GIVEN INFORMATION Start Marker

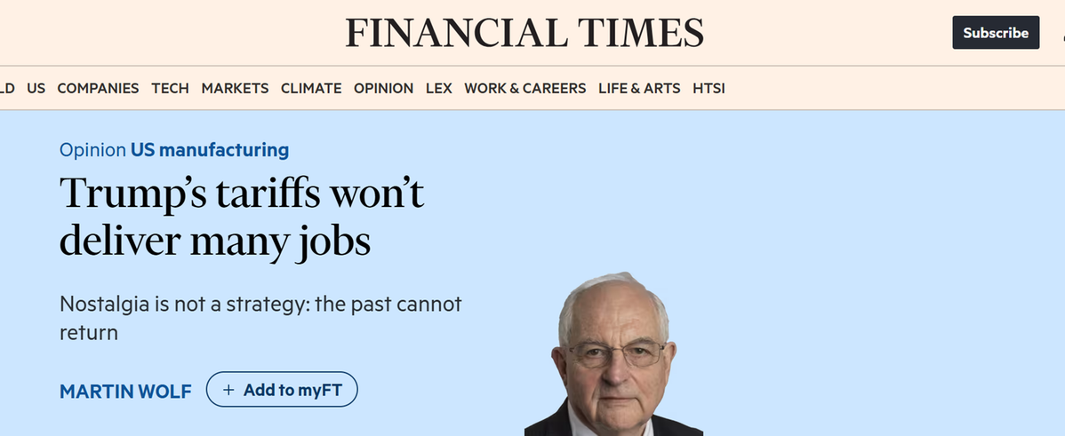 英国《金融时报》副总编及首席经济评论员马丁·沃尔夫(Martin Wolf)8日发表评论文章称,事实表明,特朗普政府推行的贸易保护主义政策,并未兑现其对选民所作的核心承诺——为美国创造大量制造业就业岗位,尤其是面向那些曾经依赖传统工业、如今却面临地区经济衰落困境的工人群体。他进一步指出,这一承诺本质上是空洞的,其政策实质是为政府自身及其背后的富豪阶层牟取利益。
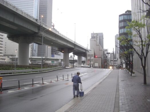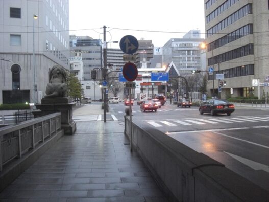 淀屋橋へ、大阪堂島川に架かる難波橋よりスタート。6時25分。あいにくスタート時は小雨模様であるが雨があがる予想。今日は短い街道を、梅田新道・尼崎街道・御堂筋と歩く予定。
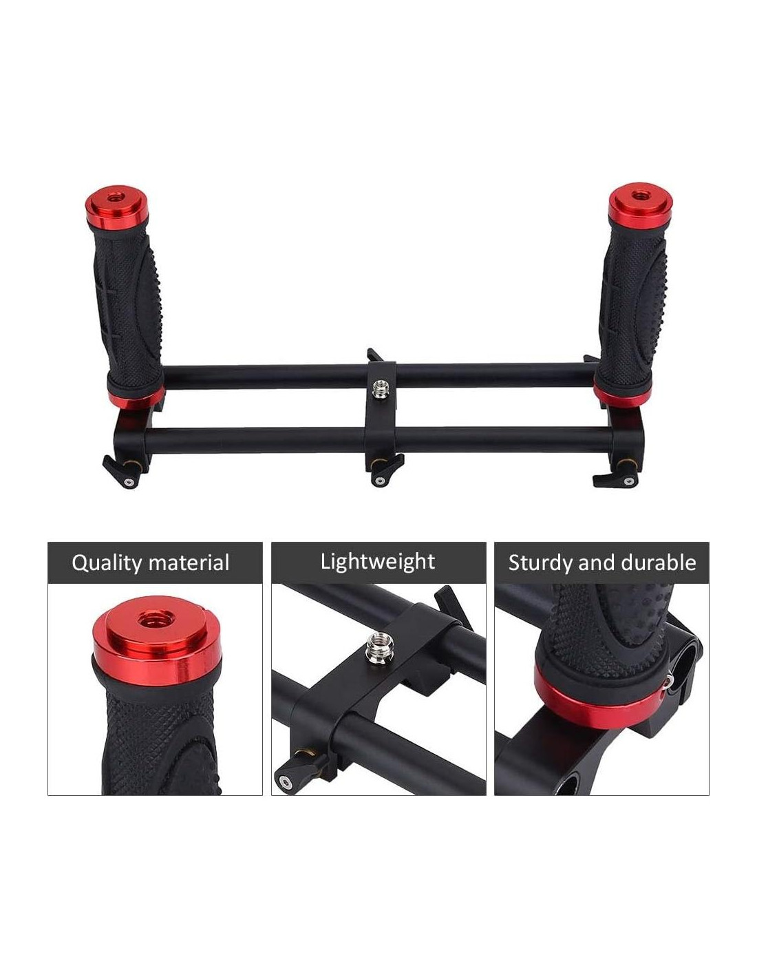 Descripción: Este estabilizador de mano es especial por su diseño de doble mango, lo que facilita a las personas disparar con una fijación estable y firme. Hecho de buen material con un buen mecanizado, resistente y ligero, es una herramienta práctica y útil para fotógrafos. Características: 1. Hecho de material de calidad, ligero, resistente y . 2. El diseño de doble mango es antideslizante y cómodo, lo que hace que sostener un estabilizador sea más fácil y estable. 3. El soporte tiene agujeros para tornillos de 1/4'' y un tornillo de 3/8'', compatible con la mayoría de estabilizadores y cámaras. 4. El soporte de liberación rápida se puede mover a lo largo de las varillas y se puede bloquear fácilmente con la perilla de palanca, lo que ofrece posibilidades para el ajuste de posición. 5. Portátil y práctico, accesorio útil para amantes de la fotografía. Especificación: Material: Aleación de aluminio Color: Negro Agujero para tornillo: 1/4'' Tornillo: 3/8'' Tamaño: Aproximadamente 30.5 x 10 x 16.5 cm (12 x 3.9 x 6.5 pulgadas) Peso: Aproximadamente 500 g Adecuado para , Feiyu, MOZA, Beholder Lista de Paquete: 1 * Gimbal de Doble Mango

GIVEN INFORMATION End Marker

▸ DESCRIPTION OF THE TASK: Copy exactly, and copy nothing else: the lines from the start of the data above through the line that holds "淀屋橋へ、大阪堂島川に架かる". The pictures stay out.

▸ ANSWER SECTION:
 英国《金融时报》副总编及首席经济评论员马丁·沃尔夫(Martin Wolf)8日发表评论文章称,事实表明,特朗普政府推行的贸易保护主义政策,并未兑现其对选民所作的核心承诺——为美国创造大量制造业就业岗位,尤其是面向那些曾经依赖传统工业、如今却面临地区经济衰落困境的工人群体。他进一步指出,这一承诺本质上是空洞的,其政策实质是为政府自身及其背后的富豪阶层牟取利益。
 淀屋橋へ、大阪堂島川に架かる難波橋よりスタート。6時25分。あいにくスタート時は小雨模様であるが雨があがる予想。今日は短い街道を、梅田新道・尼崎街道・御堂筋と歩く予定。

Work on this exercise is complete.